→ Work item
Take the lines from the head of the listing through the one bearing "This paper focuses" and copy them exactly, leaving every picture out.

→ Recorded information
-------------------------

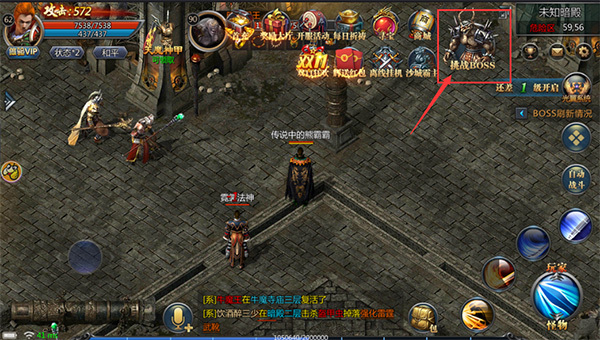 1、在游戏中点击图中所示按钮,即可开始挑战boss
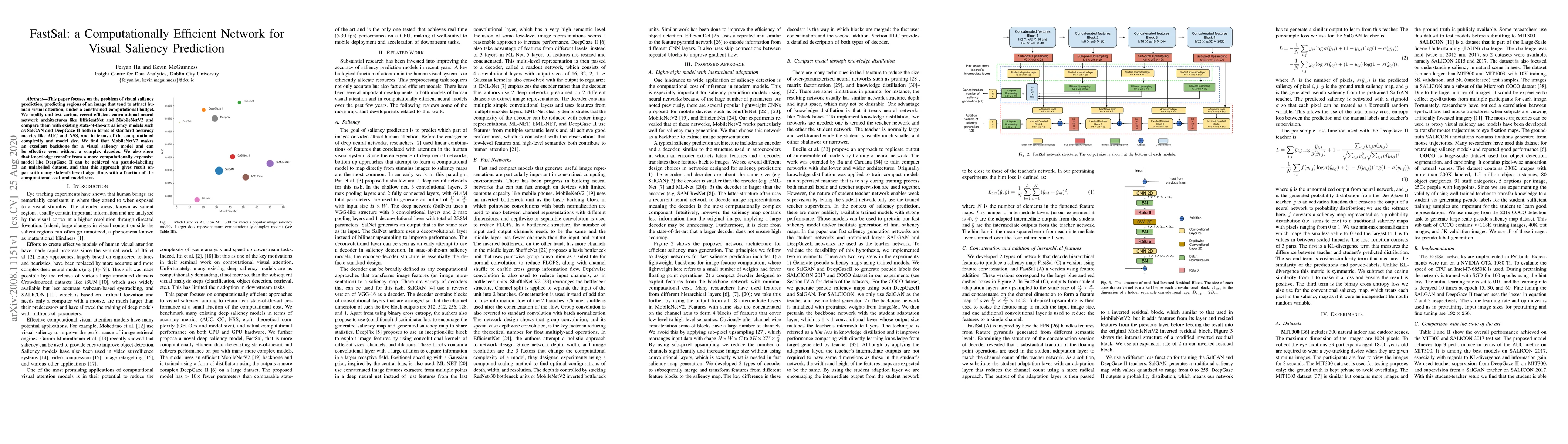 This paper focuses on the problem of visual saliency prediction, predicting regions of an image that tend to attract human visual attention, under a constrained computational budget. We modify and test various recent efficient convolutional neural network architectures like EfficientNet and MobileNetV2 and compare them with existing state-of-the-art saliency models such as SalGAN and DeepGaze II both in terms of standard accuracy metrics like AUC and NSS, and in terms of the computational complexity and model size. We find that MobileNetV2 makes an excellent backbone for a visual saliency model and can be effective even without a complex decoder. We also show that knowledge transfer from a more computationally expensive model like DeepGaze II can be achieved via pseudo-labelling an unlabelled dataset, and that this approach gives result on-par with many state-of-the-art algorithms with a fraction of the computational cost and model size. Source code is available at https://github.com/feiyanhu/FastSal.
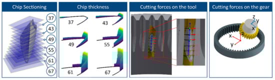 Figure 4 outlines the process for calculating the cutting force components in a chip geometry produced through power skiving. The chip geometry, as outlined in the first step, is sectioned in a series of planes. The planes are numbered based on the order that they were created. Through the analysis of the chip geometry, as presented above, the chip thickness and width were measured. The chip thickness, in a series of revolving positions, is presented in the central part of Figure 4. As it can be observed, the head of the cutter is the part of the cutter in which the biggest chip thickness is observed. Based on the mechanistic model, this is also where the largest cutting force will be applied as the cutting force is proportional to the non-deformed chip thickness. Using the mechanistic force model, the cutting force coefficients can be calculated. The direction of the force is based on the cutting force model and has three components: parallel to the cutting speed, parallel to the cutting edge and one perpendicular to the previous two. After the calculation of the cutting forces on the cutting-edge system, the forces are transformed into the cutting-edge system. This is presented in the third section of Figure 4. The next step in the process is the transformation of the cutting force components to the workgear coordinate system, as presented in the right side of Figure 4.

-------------------------

→ Output below
 1、在游戏中点击图中所示按钮,即可开始挑战boss
 This paper focuses on the problem of visual saliency prediction, predicting regions of an image that tend to attract human visual attention, under a constrained computational budget. We modify and test various recent efficient convolutional neural network architectures like EfficientNet and MobileNetV2 and compare them with existing state-of-the-art saliency models such as SalGAN and DeepGaze II both in terms of standard accuracy metrics like AUC and NSS, and in terms of the computational complexity and model size. We find that MobileNetV2 makes an excellent backbone for a visual saliency model and can be effective even without a complex decoder. We also show that knowledge transfer from a more computationally expensive model like DeepGaze II can be achieved via pseudo-labelling an unlabelled dataset, and that this approach gives result on-par with many state-of-the-art algorithms with a fraction of the computational cost and model size. Source code is available at https://github.com/feiyanhu/FastSal.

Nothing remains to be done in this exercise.